Actinic bulbs provide light in the blue wavelengths which is easily utilized by plants during photosynthesis. Blue light on its own will make plants more compact and bushy. Some actinics are specific in wavelength output; namely 460nm. These bulbs are just off the absorbtion curve for for plant photosynthesis.

I usually tell peope who want to use actinics to get a SW tank. However, mixing them with bulbs that give off red wavelengths would/could result in fine plant growth. I say if you like the visual appearence try it for awhile and see what you get for plant growth. 

Keep in mind that blue light can cause photoreduction of iron (see Walstad's book > Ecology of the Planted Tank).


----------



## ddavila06

excelent answer, and if i may i would like to copy paste and show some peeps who were asking on a cichlid forum as well.

so 460 nm no good???

so, photoreduction ah..meaning the capability of the plant to absorb iron will be reduced? 

i will keep it as it is now, see what happens. it is very easy on the eyes with 10k and plant grow, is like white.

thanks for the answer =)


----------



## Newt

Some actinic bulbs emit light only at 460nm or a very narrow wavelength band at the 460nm range.









Photoreduction of iron has to do with blue light reducing/eliminating the iron chelant thus making the iron FREE and available to algae.


----------



## Left C

There are also accessory pigments associated with photosynthesis.
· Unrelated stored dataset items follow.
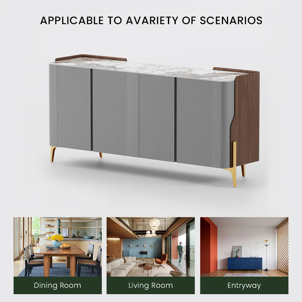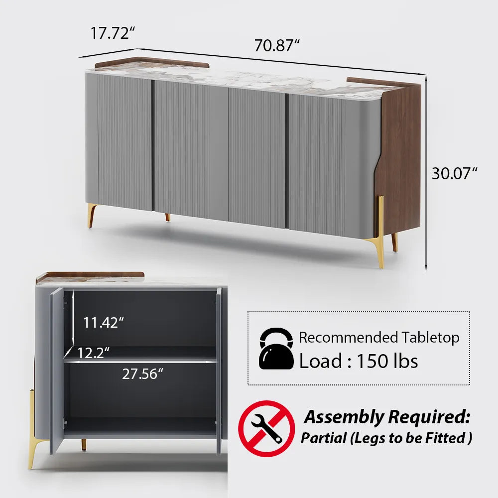 70''Modern Luxe Credenza Sideboard Buffet Cabinet With Pandora Sintered Stone Top&Storage
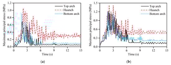 We can see from Figure 14 that the changing laws of the maximum principal stress of the three typical parts were basically the same: the stress increased slowly at time 0–1.5 s, then changed and increased rapidly at time 1.5–6.0 s, changing little after time 6.0 s. On the whole, the tensile stress of the haunch was larger than that of the other parts. The maximum tensile stress of the lining was 1.05 MPa when the dynamic interaction between the rock mass and the fault was ignored, while the value was 1.43 MPa when the dynamic interaction was considered, which is clearly larger than that in the former case. In addition, when the dynamic interaction was considered, the maximum tensile stress of the haunch reached the tensile strength of concrete, and the haunch may then suffer damage. This indicates that the stress of the lining is greatly affected by the dislocation displacement between the rock mass and the fault.
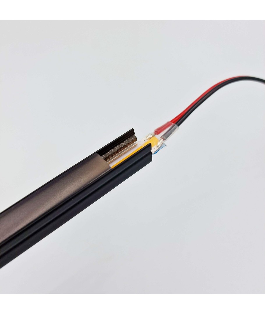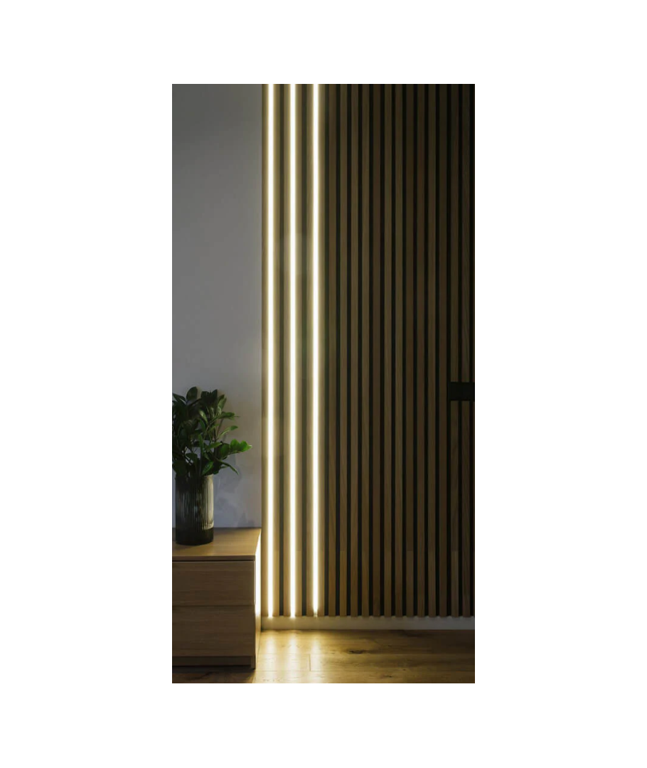 Få mest muligt ud af dine akustikpaneler med dette profilsæt. Denne løsning kombinerer en sort aluprofil med en varm hvid COB LED strip, hvilket giver en elegant og diskret belysning uden synlige dioder. Perfekt til at skabe et smuk og æstetisk lys mellem lamellerne i dine akustikpaneler.
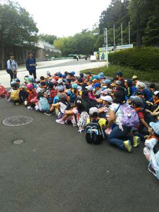 2年生の遠足は、京王線に乗り、高幡不動駅で乗り換えて多摩動物公園駅に到着しました。やっと多摩動物公園に着きました。坂を登りながら、マレーバクやアナグマを見学しました。
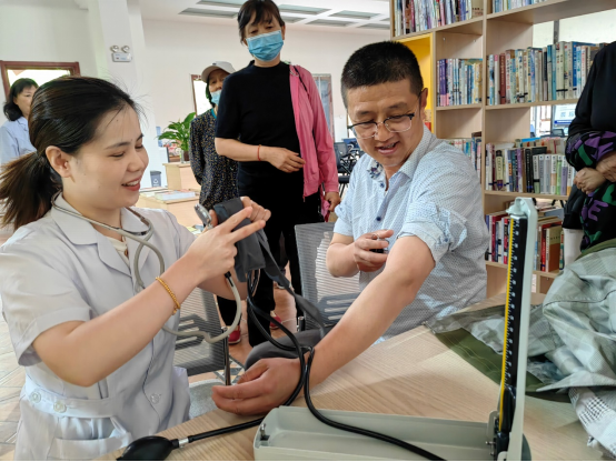 揭牌仪式进行后,护理专业师生们走进段截庄村和华府御墅社区,为居民们开展了健康宣教活动。活动中,教师代表为居民讲解了腰椎间盘突出的过程与原理,进一步普及腰椎健康意识,并为居民讲解了婴儿及成人海姆立克急救法,测量了血压和血糖,同时教师代表还详细介绍了什么是颈椎病、颈椎病的病因、治疗方法、预防措施、常见误区以及颈椎病患者的自我管理,帮助大家纠正了日常生活中的一些不良习惯,提醒大家不要做“低头族”,要爱护颈椎,健康生活。
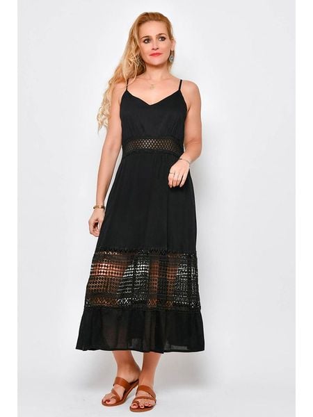 Czarna Bawełniana Sukienka Rozkloszowana z Koronką w Tropikalny Wzór Alusela
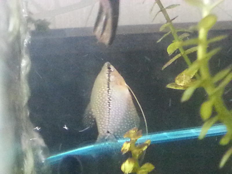 Жемчужный гурами начал висеть в углу аквариума, а потом я заметила темное пятно в жабрах, сейчас рыба находится у поверхности воды, у нее воспалены жабры. Неделю назад так же умерла моллинезия баллон.Тесты проводила, все в норме.Единственное, недавно резко температура в аквасе скакнула, может в этом причина?
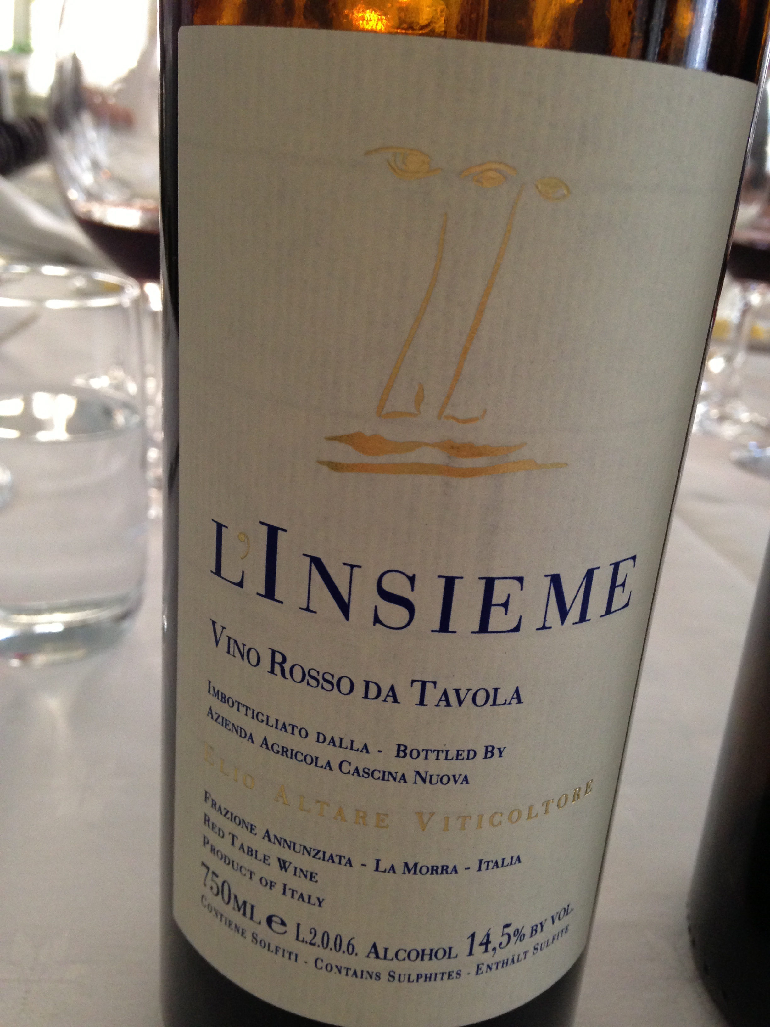 L’Insieme betyder tillsammans på italienska. I detta fall handlar det om ett vin som görs tillsammans med sju olika vinmakare i Piemonte. Flasketiketten är densamma hos alla, fast de gör sin egen blend. Projektet startades 1992 och pengarna går till välgörenhet. Det blir allt mellan 60.000-90.000 euro per år till olika föreningar i världen. 2006 är en blend på 40 % cab. s, 20 % barbera, 20 % nebbiolo, 10 % dolcetto och resterande syrah och petit verdot. En superbarolo om man får kalla det så, som dessutom är supergott. Stilen är silkig och mer av ett modernt snitt, med fantastiska tanniner, fin syra och tät frukt av körsbär, lingon och rosor.
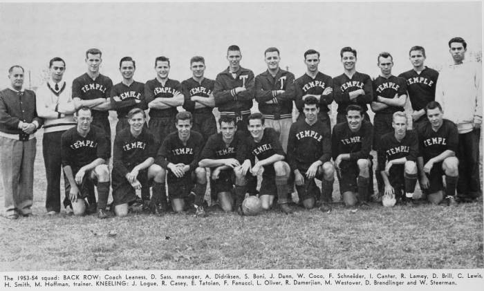 Philadelphia liked its soccer, and the college game reflected the strength of Philadelphia youth soccer. All the local colleges fielded strong teams–Temple, University of Pennsylvania, La Salle, and Drexel leading the way. Many of the Lighthouse-Northeast H.S. contingent received full scholarships to Temple, one of approximately 90 varsity programs around the country in the early ‘50s. The strongest teams, like Temple, the University of San Francisco, Queens College, and Penn State University were fed by the influence of urban youngsters, while in the Ivy League, New England’s prep schools provided the talent. No women’s varsity soccer programs existed.
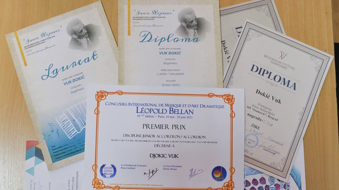 Vuk je učenik četvrtog razreda u dve škole, Osnovne škole "Vasa Pelagić" u Kotežu i Muzičke škole "Kornelije Stanković", koje pohađa sa najboljim ocenama. Osvojio je prva mesta i zlatne medalje na nedavnim takmičenjima, Beogradskom festivalu harmonike i Republičkom takmičenju, najvažnijem takmičenju u Srbiji, kao i prošle godine na Međunarodnom takmičenju u Ljubljani sa osvojenih 100 bodova i zvanjem laureata u svojoj kategoriji.
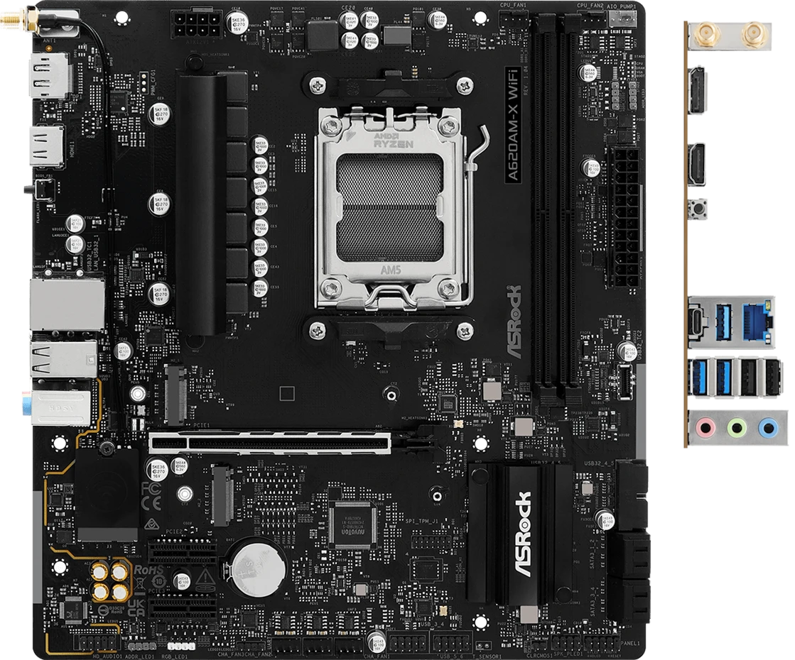 Материнская плата ASRock A620AM-X WiFi позволяет создать продвинутую рабочую станцию или домашний универсальный ПК с оптимальной производительностью. Качественные силовые узлы и надежная схема питания обеспечивает стабильное функционирование всех компонентов, а многослойная конструкция и дополнительное пассивное охлаждение гарантируют отсутствие перегрева при длительных нагрузках. Микросхема разработана на базе бюджетного чипсета AMD A620A с поддержкой интерфейса PCI-E 4.0 для видеокарты и M.2 накопителя, совместима с большинством процессоров Ryzen на сокете AM5, которым достаточно одной линии энергоснабжения 8 pin. Преимуществом модели является возможность использования наиболее быстрых планок ОЗУ, которые можно разогнать до 8000 МГц с помощью профилей EXPO или XMP.
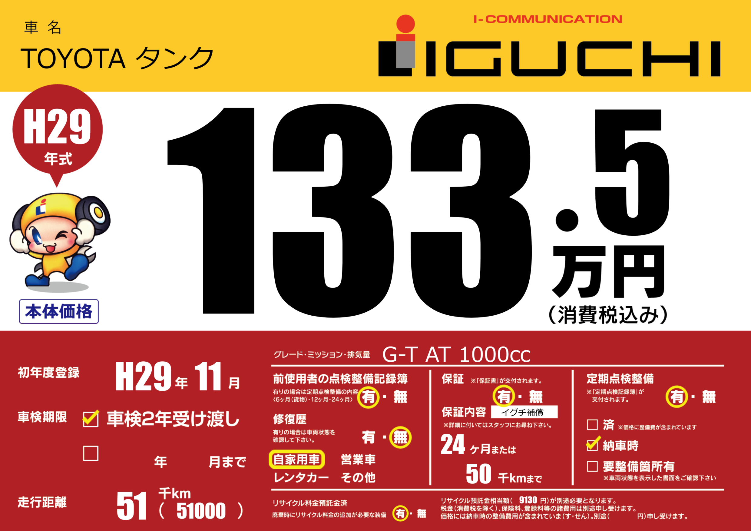 | 車名 | TOYOTA タンク | グレード ミッション 排気量 |

Some of these use slightly different portions of the color spectrum.


----------



## ddavila06

ok, i was never good at chemestry nor science lol, this means if that the use of some actinic IS good and helps with plant growth right.


----------



## Newt

As long as you are augmenting the actnic with full spectrum bulbs you should be OK.

Let us know how your plant growth develops with the current light configuration.


----------